Together at last! What a beautiful day you are 7th July 2007. We live in auspicious times indeed!! Do you know how special you are? Did you know that I long sensed your approach and held you often in my thoughts?
Captain Jack Harkness, that most delicious traveller of time and space has many a clever thing to say about life. But did he know how right he would be when he said:
‘The 21st century is when everything changes, and you gotta be ready‘.
He obviously knew just what I now know, but perhaps we were speaking of unrelated things…a trivial difference.
Dealing as he does with the interests of Torchwood, perhaps he speaks of things on a grander scale, actions with consequences that have global or universal impacts. No doubt he has knowledge of such things that I cannot and will never know or fully understand. I take comfort that at least one of us has an awareness of such matters and will act appropriately to the circumstances of the hour.
But did he know that it is on this day that everything will change for me? A personal day of reckoning if you will. Some time ago I remember reflecting on things that I had not yet done or achieved in my life – some minor things, some major things. As I committed those words to the permanency of the black and white world, I somehow sensed that it would be in this, the thirtieth year of my life that the world would shift, leaving me never quite the same again.
While my thoughts were looking to the past at what had not yet come to be, my eyes was also turned to the unknown future, to what was still yet to be.

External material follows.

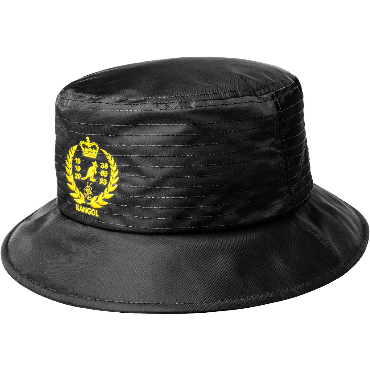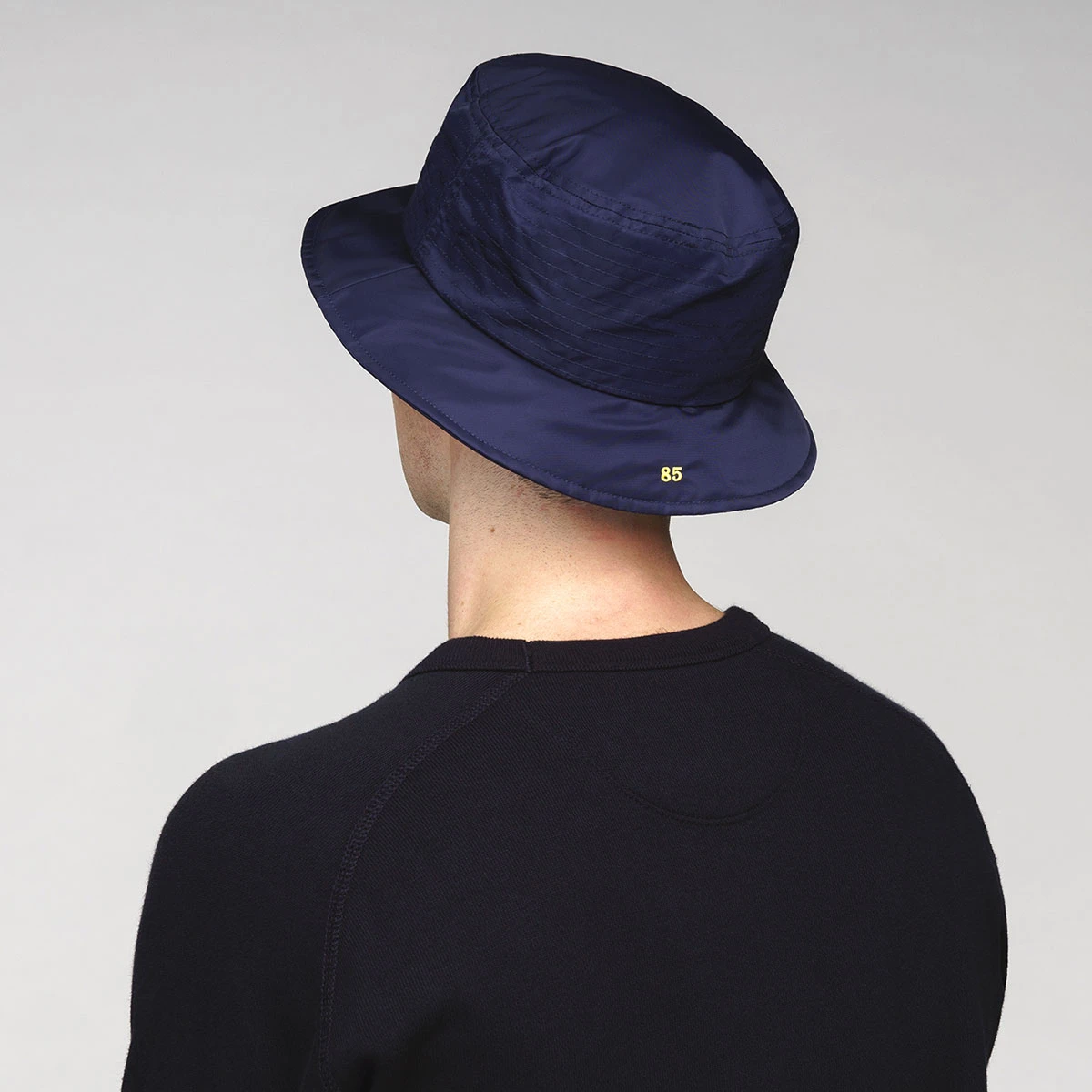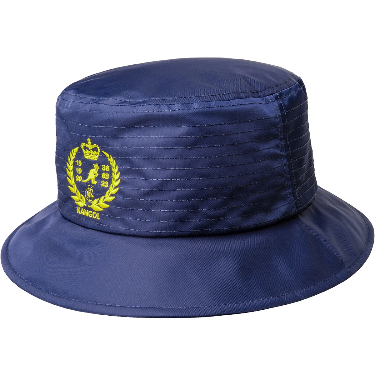 The Royal Leisure Bucket by Kangol is crafted from a silken nylon inspired by military bomber jackets. It features a custom golden laurel embroidery logo to honor Kangols’ 85th anniversary of the brand and give it an ivy league/royal crest feel. Kangol was started in the UK in 1938, made popular in New York City in 1983, and in 2023 it still stands as a heritage brand. The topstitching around the crown gives this a nice structure and texture, and the “85” embroidery hit at the center back brim ties it all together.

That was when we found eachother, seventh of July. Your grouping of sevens felt permanently real, incredibly significant, and yet somehow within my reach. I knew that just as I was moving towards you, you were moving towards me. A soulmate in the timeline of my life.
The world is in a state of constant change, the moon waxes and wanes, the sea rises and falls, the stars twinkle and die, the earth wears away. Such events are always unfolding around us, even though the results may be imperceptible to us on our short timescales. While such change may be slow, continual or hard to appreciate in human terms, this does not mean that it is not happening. Jack knows just what I mean.

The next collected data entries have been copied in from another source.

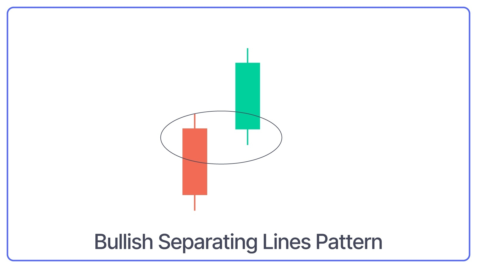 The bullish Separating Lines Pattern is a two-candlestick pattern that includes a bearish candle followed by a bullish candle that opens at the same level as a bearish candle.
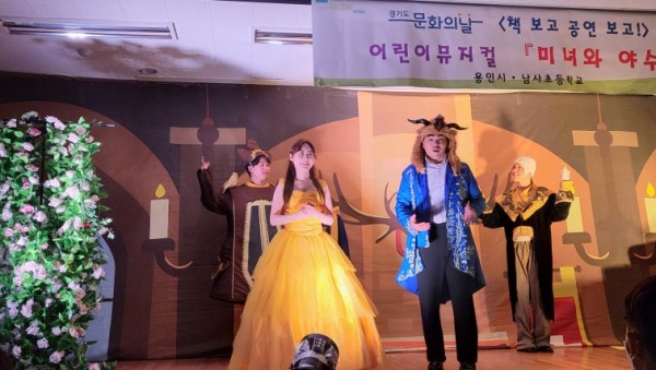 [사진] 열연하는 출연진 남사초(교장 김용수)는 용인시 도서관사업소가 주최하는 『2022년 ‘경기도 문화의 날’ 독서 권장 공연지원』 사업에 선정되어 『책 보고 공연 보고!-어린이 뮤지컬 』를 관람하였다. 도서관사업소는 문화예술 방면에서 자칫 소외되기 쉬운 농촌 학생들에게 독서문화를 장려함과 동시에 문화예술을 가까이에서 경험하도록 뮤지컬 를 기획하…
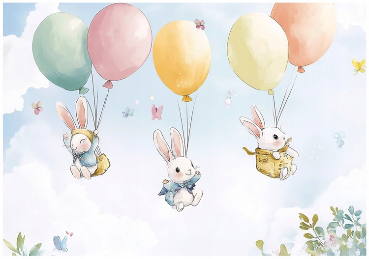 Fototapete Kinderzimmer Mädchen Kaninchen Wolken Tapete Kinder 250x175 cm + Kleister

Human change in physical terms can be more readily gauged. We see people do things such as grow taller, gain muscle, alter their hair colour, update their wardrobe or put on weight. But what about those changes that occur below the surface? Those things that are important to each of us. Those things that we want from and for ourselves in this life. Those things that perhaps we never share with others and only whisper softly to ourselves in the darkest hours of the night. Those things that may be regarded by others as unimportant or commonplace. What others think is of course of no consequence. Life sets us all on a different path and there is no way of judging another person’s journey from the outside as their experiences, hopes, triumphs and tragedies, can never fully be my own. I like to think that Jack would understand this too…he’s perceptive like that.
Some of the things that happen in life will be good, some will be bad. It’s not really up to us to choose how things will unfold. To be open to the good, will also open you up to the bad, that is simply the balance of life. Up until this year I had never made an overseas phone call (got to speak to the wonderful Fionn Regan some months ago in Brighton), never broken a bone in my body (overcame that with a broken ankle), never been published (some of my articles appeared in a free press publication) and never knew how to knit properly (a completed scarf is evidence of this rediscovered skill).
There are many other things that are on the list of what I still want to achieve this year. There are also things to be written on a list that I cannot see, a collection of things that will happen in the future that I had not planned for. But such is the unexpected experience that is this life. As dark and disturbing as it can sometimes be, I doubt whether I would change a single thing…even if I had the chance. We learn so much from the good and the bad without even knowing it, that I would hate to turn my back on any of the lessons that I have learnt. They have all been too important in bringing me to this point in time.
So here we are, you and me. You – this one unique day early in July at the beginning of the 21st century where everything will change. And me – well I’m here and I’m ready. Thanks for reminding me Jack.